By Dayn Perry | Baseball Writer
Omar Infante is … safe?! (US Presswire)

Is it too much, too absolute to say that Jeff Nelson's call at second base in the eighth inning cost the Yankees Game 2 of the ALCS? Indeed, it is. But it may have hastened baseball's methodical, meandering march toward expanded replay.


To set the scene, Omar Infante was on first following a two-out single. Austin Jackson then notched a base hit to right. Nick Swisher fielded it cleanly and gunned to second base to cut down Infante, who'd strayed too far while thinking of going first-to-third. Swisher's throw beat him by a margin measurable in yards, Robinson Cano tagged him on the chest and Nelson's call was …

Safe? Safe. "The hand did not get in before the tag," Nelson admitted after Game 2. "The call was incorrect."

As a consequence, the Tigers' second run of the game scored, and they went on to plate another after what should have been -- what really was -- the third out of the inning. The Yankees, of course, failed to score, so their primary complaints about the outcome of Game 2 should be directed at their hitters. But it was an obviously blown call that, given a competent Yankee offense, could have turned a win into a loss.
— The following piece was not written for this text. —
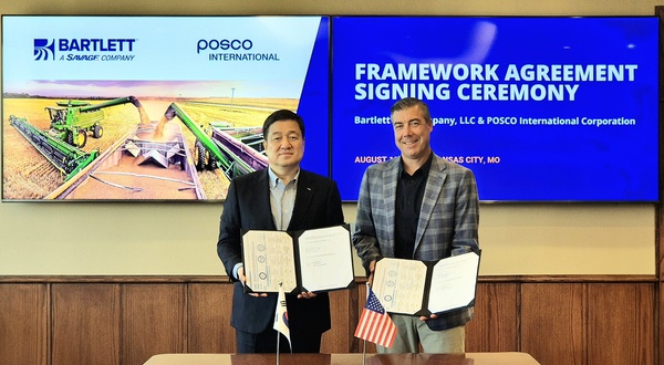 포스코인터내셔널(대표이사 사장 이계인)은 미국 캔자스시티에서 현지시간으로 18일 미국 곡물기업 바틀렛앤컴퍼니(Bartlett and Company, 이하 바틀렛)와 업무협약을 체결했다고 밝혔다.

The obvious question, now that such a play has occurred under very conspicuous circumstances, is whether Nelson's call will advance the cause of expanded replay in MLB.

More playoff coverage
ALCS: Tigers vs. Yankees
NLCS: Cardinals vs. Giants

Yankees manager Joe Girardi, who was ejected (on his 48th birthday, no less) for arguing Nelson's call was already a believer in replay. What unfolded in Game 2 has only reinforced those beliefs. "You know, I have been thrown out of games enough to know it would be quicker to get the call right on replay than for me to go out there and argue," Girardi said. "And they talk about the flow of the game."

Indeed they do. "So we're looking into it," said Joe Torre, MLB's Executive Vice President of Baseball Operations, on the prospect of additional replay parameters. "We're not saying it can happen, but right now we haven't really come to any conclusion on what's the best way to go about it and not make the game drag and go longer than than they are already going."

Baseball is indeed worried about pacing and flow, but, as Girardi noted, close, controversial, high-leverage calls are already subject to tantrum-related delays in most cases. Why not use the technology -- technology that's already in place -- to make correct calls? If baseball fans can abide the DH and franchise relocation and realignment and playoff expansion and "This Time It Counts," then they'll probably continuing buying tickets even if baseball erodes the "human element" just a bit.

If Bud Selig's transformative reign is any guide, then something that's talked about enough eventually happens. So it will likely be with expanded replay, which will absolutely be talked about after Game 2 in the Bronx. Selig is famously a deliberative, consensus-taking sort of leader, so it will take time. But how much time?

"It's not going to change by Tuesday," said Tigers GM Dave Dombrowski.

And there you have the most correct call of the night.